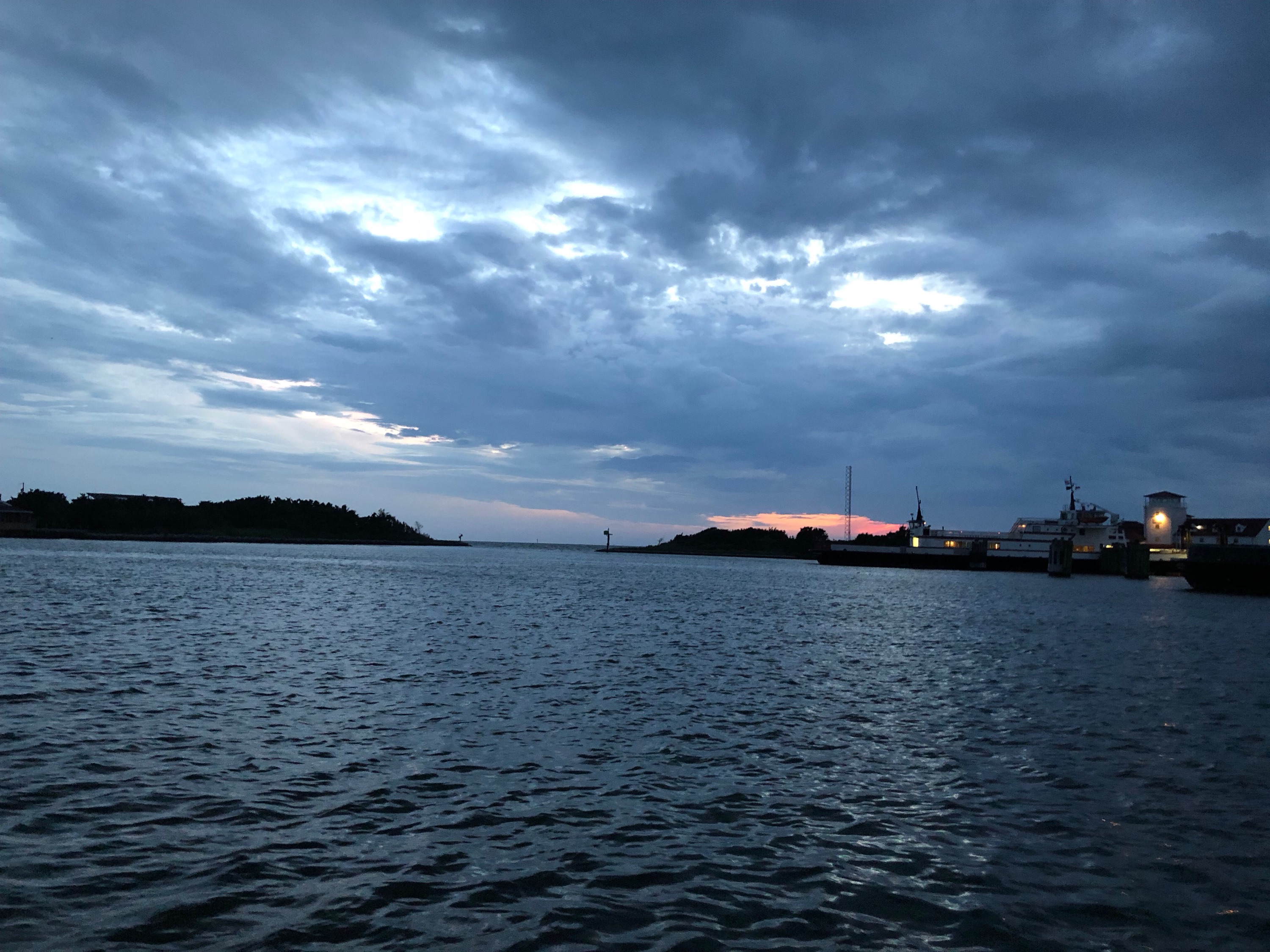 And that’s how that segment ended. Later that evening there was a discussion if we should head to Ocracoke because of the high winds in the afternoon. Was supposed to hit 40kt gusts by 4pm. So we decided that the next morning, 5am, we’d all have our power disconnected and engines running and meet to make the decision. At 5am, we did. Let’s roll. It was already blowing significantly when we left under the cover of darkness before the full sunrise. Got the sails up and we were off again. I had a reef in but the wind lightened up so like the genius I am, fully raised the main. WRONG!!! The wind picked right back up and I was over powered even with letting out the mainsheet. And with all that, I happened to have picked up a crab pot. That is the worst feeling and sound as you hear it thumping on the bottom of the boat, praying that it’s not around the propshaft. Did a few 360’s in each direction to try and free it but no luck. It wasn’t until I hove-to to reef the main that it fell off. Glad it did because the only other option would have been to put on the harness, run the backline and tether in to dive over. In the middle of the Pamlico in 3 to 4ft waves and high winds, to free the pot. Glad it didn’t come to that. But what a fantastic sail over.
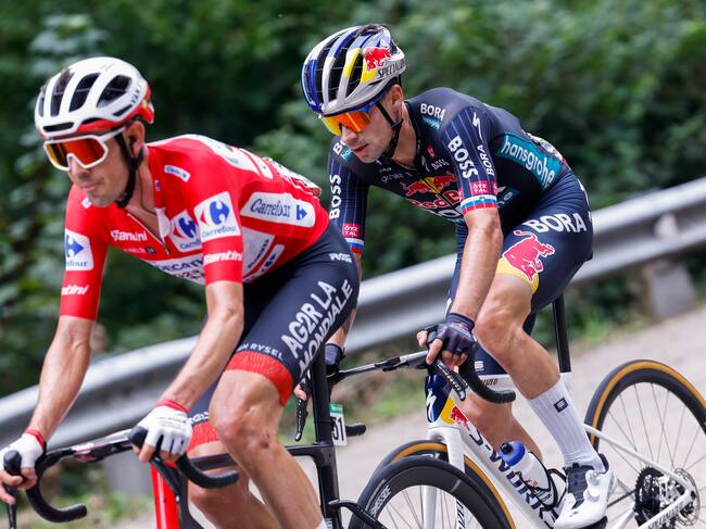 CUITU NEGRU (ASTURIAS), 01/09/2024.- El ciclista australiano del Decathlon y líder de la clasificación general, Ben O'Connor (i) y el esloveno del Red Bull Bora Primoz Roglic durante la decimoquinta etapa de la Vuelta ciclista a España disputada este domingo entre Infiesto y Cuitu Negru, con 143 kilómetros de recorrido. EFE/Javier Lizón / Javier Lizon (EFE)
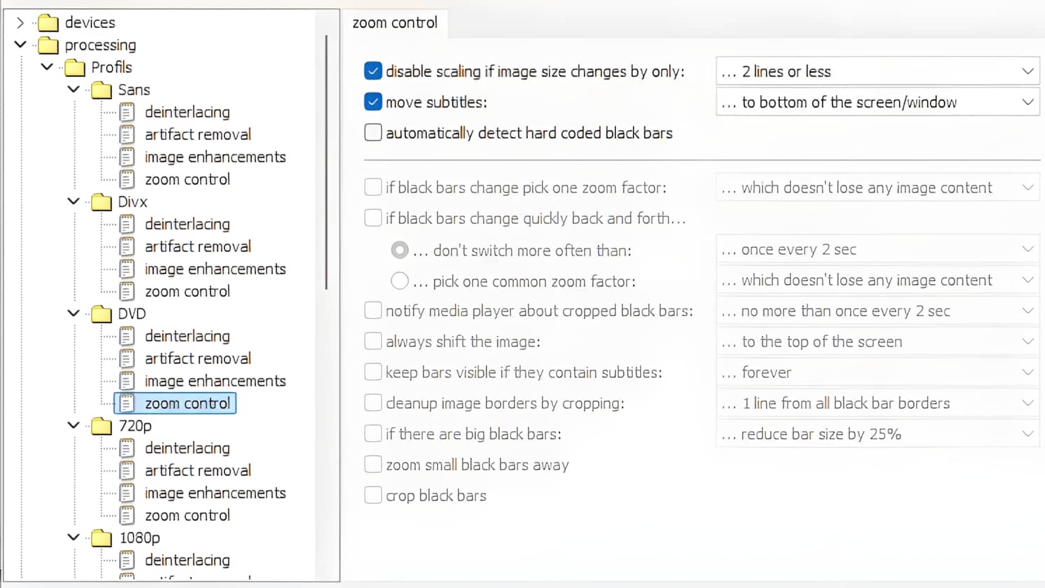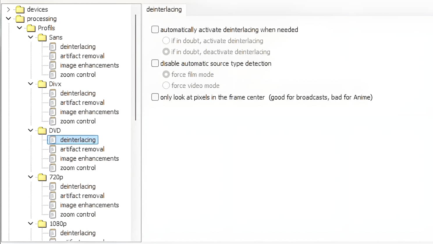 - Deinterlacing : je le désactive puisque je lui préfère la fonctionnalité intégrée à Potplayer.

──────

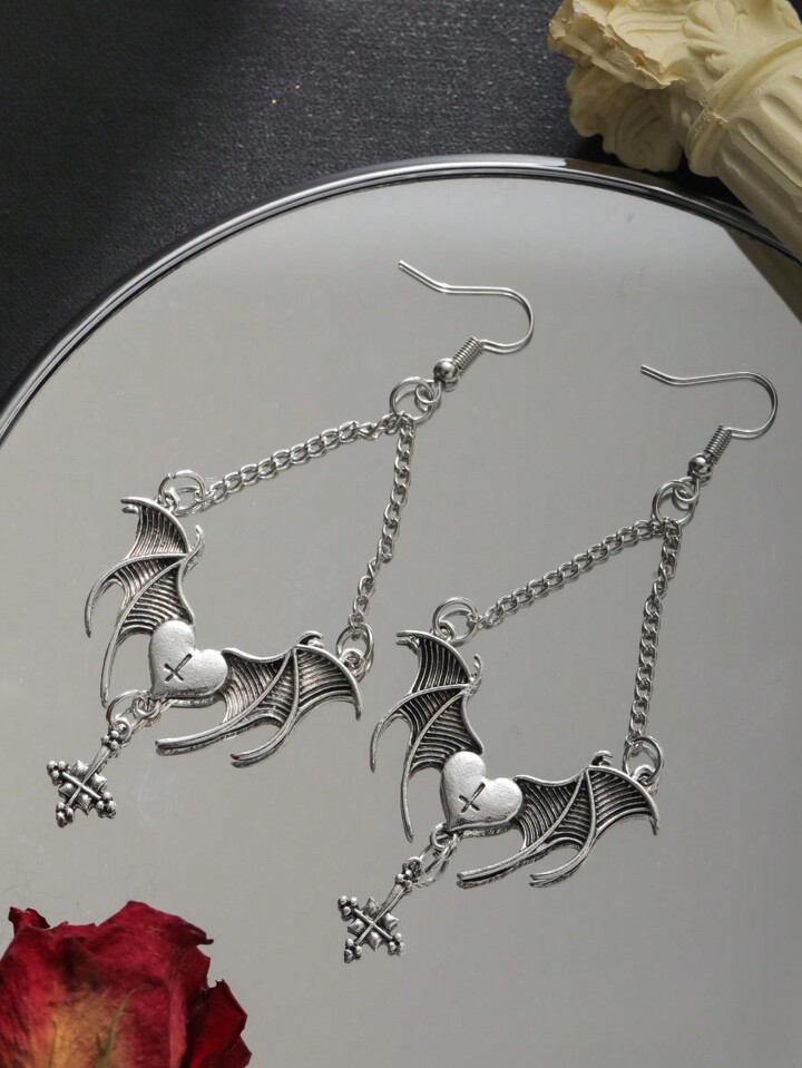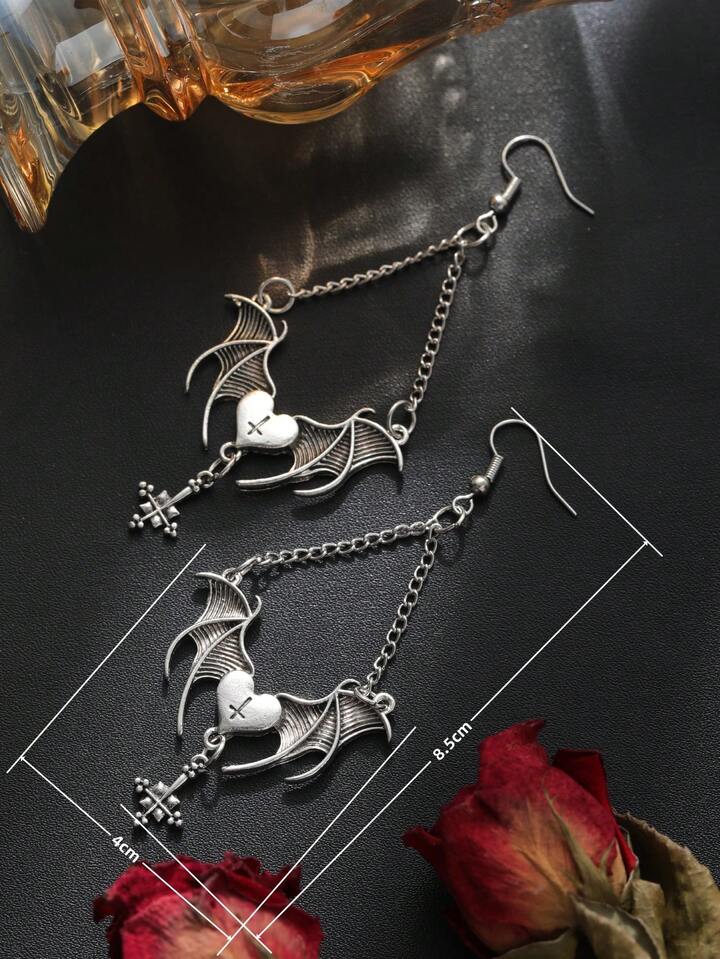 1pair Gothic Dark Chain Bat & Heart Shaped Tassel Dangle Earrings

──────

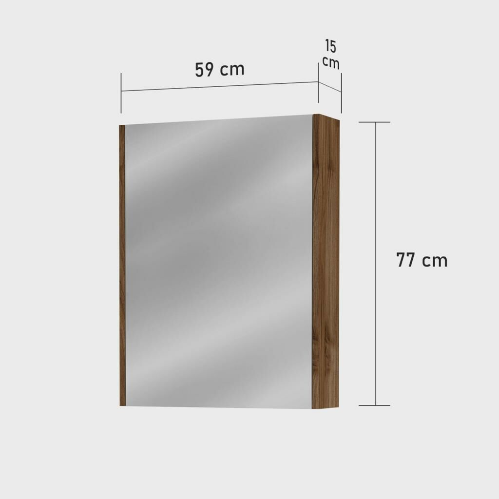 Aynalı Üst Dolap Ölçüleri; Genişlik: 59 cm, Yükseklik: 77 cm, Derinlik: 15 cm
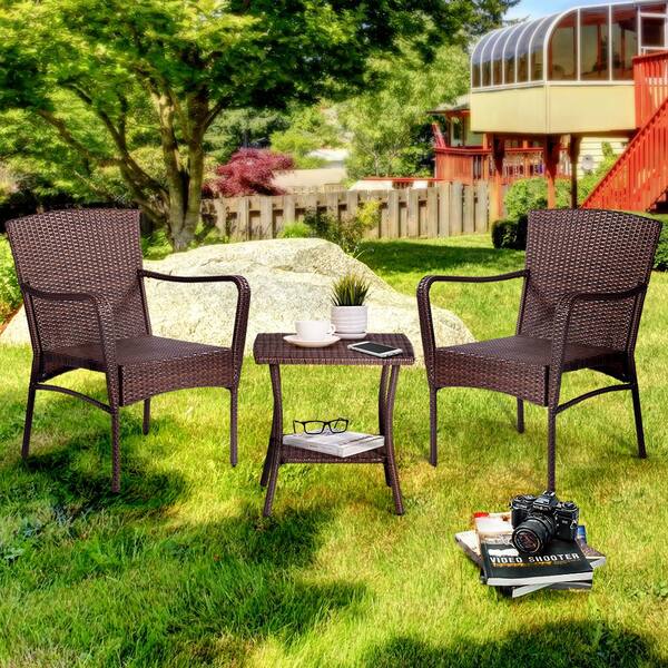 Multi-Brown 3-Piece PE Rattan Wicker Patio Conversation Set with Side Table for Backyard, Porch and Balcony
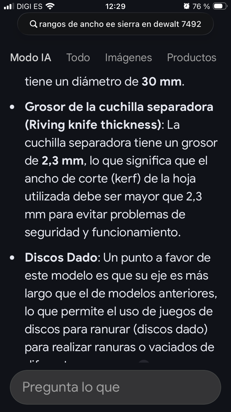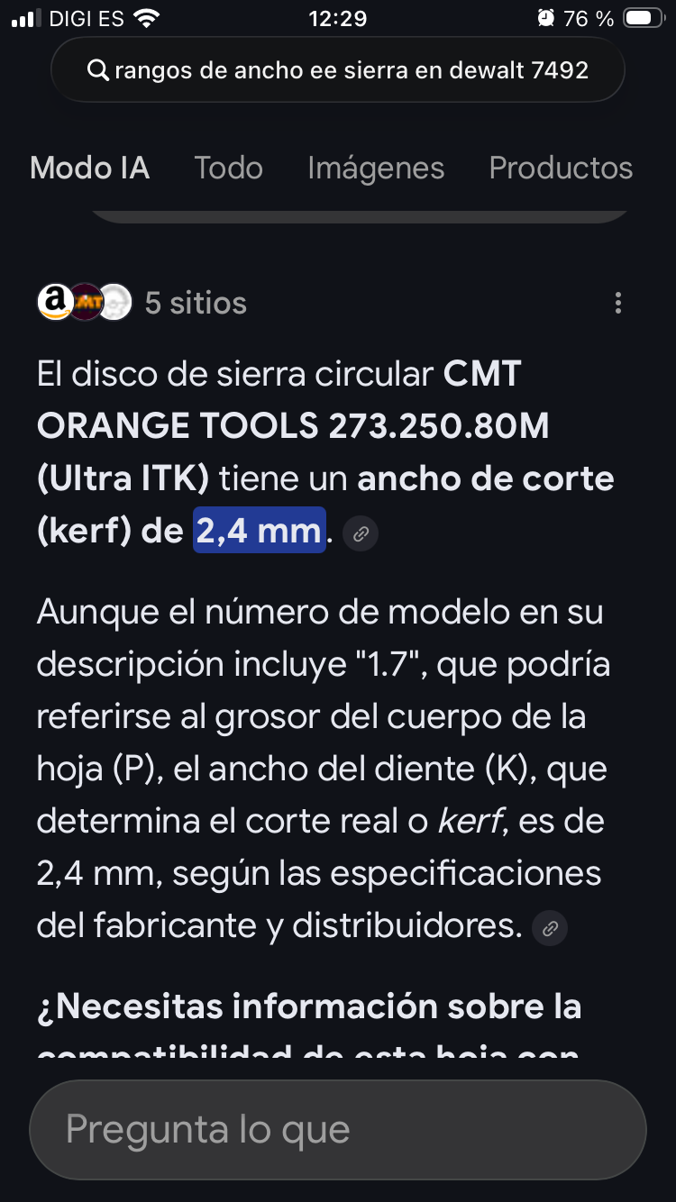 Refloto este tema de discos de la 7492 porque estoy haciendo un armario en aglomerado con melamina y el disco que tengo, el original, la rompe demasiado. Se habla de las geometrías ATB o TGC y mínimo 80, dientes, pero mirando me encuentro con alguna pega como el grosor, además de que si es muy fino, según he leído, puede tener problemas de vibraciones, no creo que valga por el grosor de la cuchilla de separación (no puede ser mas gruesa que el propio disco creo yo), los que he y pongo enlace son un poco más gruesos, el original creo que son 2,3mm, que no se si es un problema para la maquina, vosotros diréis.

──────

**WHAT IS EXPECTED**
Pictures do not belong in the answer. Return the lines above starting at the one with "And that’s how" and ending at the one with "- Deinterlacing : je", both kept, exactly.

**WRITTEN RESPONSE**
 And that’s how that segment ended. Later that evening there was a discussion if we should head to Ocracoke because of the high winds in the afternoon. Was supposed to hit 40kt gusts by 4pm. So we decided that the next morning, 5am, we’d all have our power disconnected and engines running and meet to make the decision. At 5am, we did. Let’s roll. It was already blowing significantly when we left under the cover of darkness before the full sunrise. Got the sails up and we were off again. I had a reef in but the wind lightened up so like the genius I am, fully raised the main. WRONG!!! The wind picked right back up and I was over powered even with letting out the mainsheet. And with all that, I happened to have picked up a crab pot. That is the worst feeling and sound as you hear it thumping on the bottom of the boat, praying that it’s not around the propshaft. Did a few 360’s in each direction to try and free it but no luck. It wasn’t until I hove-to to reef the main that it fell off. Glad it did because the only other option would have been to put on the harness, run the backline and tether in to dive over. In the middle of the Pamlico in 3 to 4ft waves and high winds, to free the pot. Glad it didn’t come to that. But what a fantastic sail over.
 CUITU NEGRU (ASTURIAS), 01/09/2024.- El ciclista australiano del Decathlon y líder de la clasificación general, Ben O'Connor (i) y el esloveno del Red Bull Bora Primoz Roglic durante la decimoquinta etapa de la Vuelta ciclista a España disputada este domingo entre Infiesto y Cuitu Negru, con 143 kilómetros de recorrido. EFE/Javier Lizón / Javier Lizon (EFE)
 - Deinterlacing : je le désactive puisque je lui préfère la fonctionnalité intégrée à Potplayer.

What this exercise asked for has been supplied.